Installation#

Getting Python#

If it is your first time with Python, we recommend conda, mamba or pip as easy-to-use package managers. They are available for Windows, Mac OS X and GNU/Linux.

It is always helpful to use dedicated conda/mamba environments or virtual environments.

Getting a solver for optimisation#

PyPSA passes optimisation problems for Power System Optimization to an external solver. PyPSA is known to work via linopy with the free software

and the non-free software, commercial software (for some of which free academic licenses are available)

For installation instructions of these solvers for your operating system, follow the links above.

Depending on your operating system, you can also install some of the open-source solvers in a conda or pip environment.

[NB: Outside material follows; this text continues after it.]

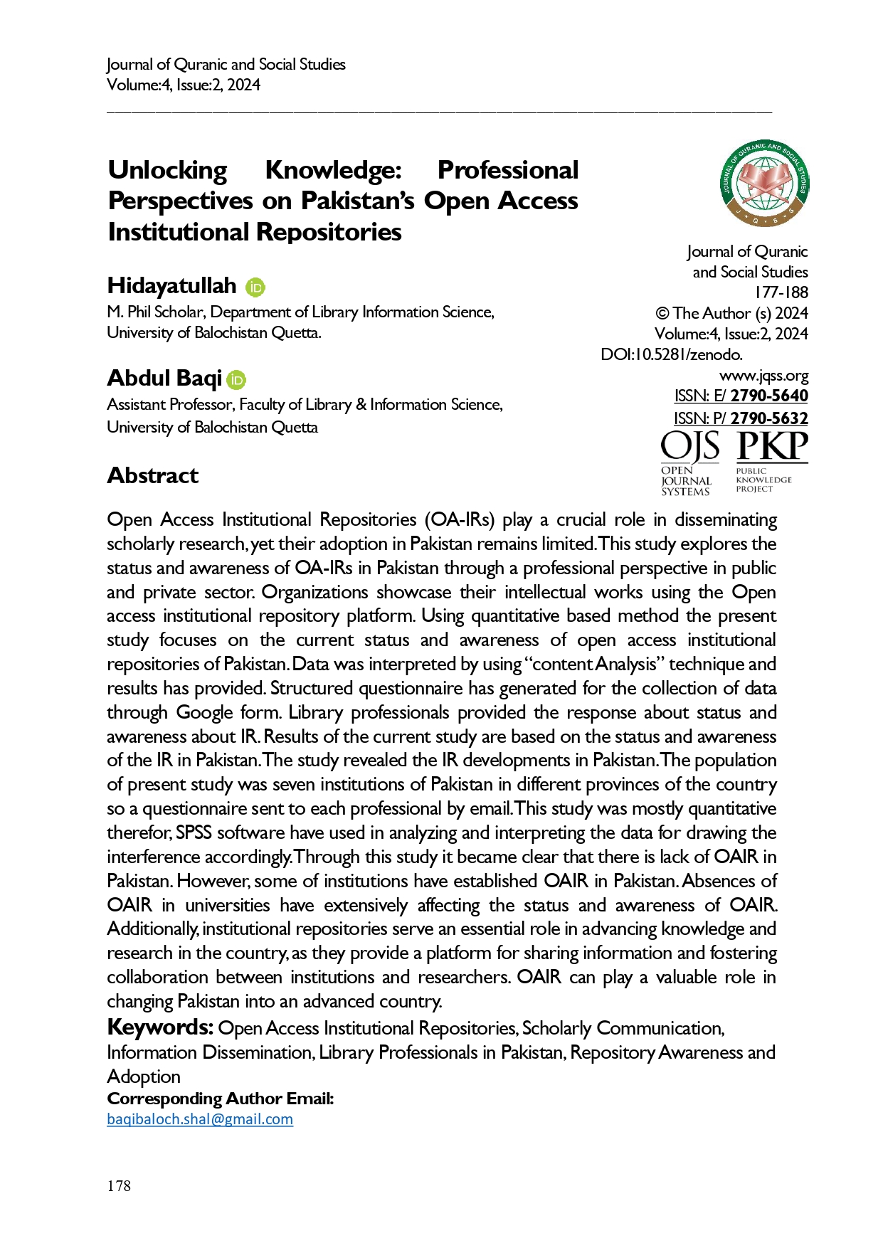 Vol. 4 No. 2 (2024): Journal of Quranic and Social Studies

For HiGHS on all operating systems:

pip install highspy

For GLPK on all operating systems:

conda install -c conda-forge glpk

For CBC on all operating systems except for Windows:

conda install -c conda-forge coincbc

Note

Commercial solvers such as Gurobi, CPLEX, and Xpress currently significantly outperform open-source solvers for large-scale problems. It might be the case that you can only retrieve solutions by using a commercial solver.

Installing PyPSA with conda#

If you are using conda you can install PyPSA with:

conda install -c conda-forge pypsa

In all of the above commands you can replace conda with mamba if you use this alternative.

Installing PyPSA with pip#

If you have the Python package installer pip then just run:

pip install pypsa

If you’re feeling adventurous, you can also install the latest master branch from github with:

pip install git+https://github.com/PyPSA/PyPSA.git

Conservative installation#

If you’re very conservative and don’t like package managers, you can just download the code from the PyPSA github repository and add the directory of PyPSA to your python path with e.g.:

import sys

sys.path.append("path/to/PyPSA")

import pypsa

Upgrading PyPSA#

We recommend always keeping your PyPSA installation up-to-date, since bugs get fixed and new features are added. PyPSA is also only tested with the latest stable versions of all the dependent packages for the respective Python versions.

To upgrade PyPSA with pip, do at the command line:

pip install -U pypsa

To upgrade PyPSA with conda, do at the command line:

conda update pypsa

Don’t forget to read the Release Notes regarding API changes that might require you to update your code.